Quantification and characterization of GABA‐ergic amacrine cells in the retina of GAD67‐GFP knock‐in mice

. Purpose:  Although the presence of γ‐aminobutyrate acid (GABA) in amacrine cells and its co‐localization with other neuronal substances is well known, there exists only little information about their quantitative distribution in the mouse eye. The aim of the present study was to characterize GABA‐ergic amacrine cells in the retina of the recently introduced glutamate decarboxylase 67‐green fluorescent protein (GAD67‐GFP) knock‐in mouse. Methods:  Whole mounts of the retina were prepared and the GFP‐positive neurons quantified. Immunofluorescence staining was performed with antibodies against GABA, calbindin (CB), calretinin (CR), parvalbumin (PV), choline acetyl transferase (ChAT), tyrosine hydroxylase (TH), vesicular glutamate transporter (VGluT) 1, VGluT2 and VGluT3. Results:  Displaced GABA‐ergic amacrine cells in the ganglion cell layer (GCL) showed a density of 1006 ± 170 cells/mm 2 . In the inner nuclear layer (INL), the density of amacrine cells was 8821 ± 448 cells/mm 2 in the central region and 6825 ± 408 cells/mm 2 in the peripheral region.
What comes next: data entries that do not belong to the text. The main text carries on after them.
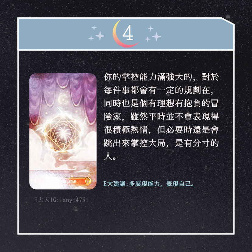 嗨~我是E大,歡迎你來到我的塔羅世界,創立這個平台主要是為了讓更多人對塔羅牌產生興趣,並且能透過牌卡找到自己人生方向。歡迎關注追蹤我囉!https://linktr.ee/lanyi4751
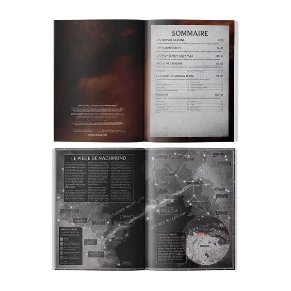 LES VOIES DE LA RUINEUne présentation narrative du contexte, du sillage de destruction qui a mené jusqu’à l’assaut hérétique sur le Mur Sanctus, et des préparatifs des défenseurs loyalistes. Cette impitoyable guerre pour la survie vous est racontée par le biais d’histoires, de cartes, d’illustrations, et d’un aperçu complet des forces en présence sur Sangua Terra.
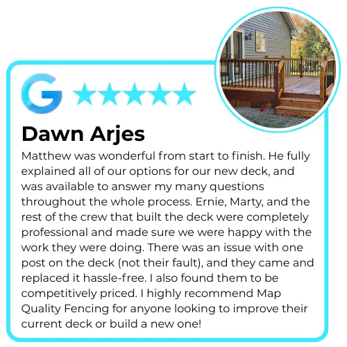 At MAP Quality Fencing & Decks, we’ve built a process that keeps you confident and in control every step of the way. From the first call to the final walk-through, here’s what you can expect from Peru's #1 Deck Builders:

GFP‐positive amacrine cells co‐localized with GABA (99%), CR (INL 18%, GCL 71.3%), CB (INL 6.3%), bNOS (INL 1%, GCL 4%), and ChAT (INL 17%, GCL 92.6%). No co‐localization was seen with antibodies against PV, TH, and VGluT 1‐3. Conclusions:  This study presents the first quantitative data concerning the co‐localization of GABA‐ergic neurons in the mouse retina with various neuronal markers.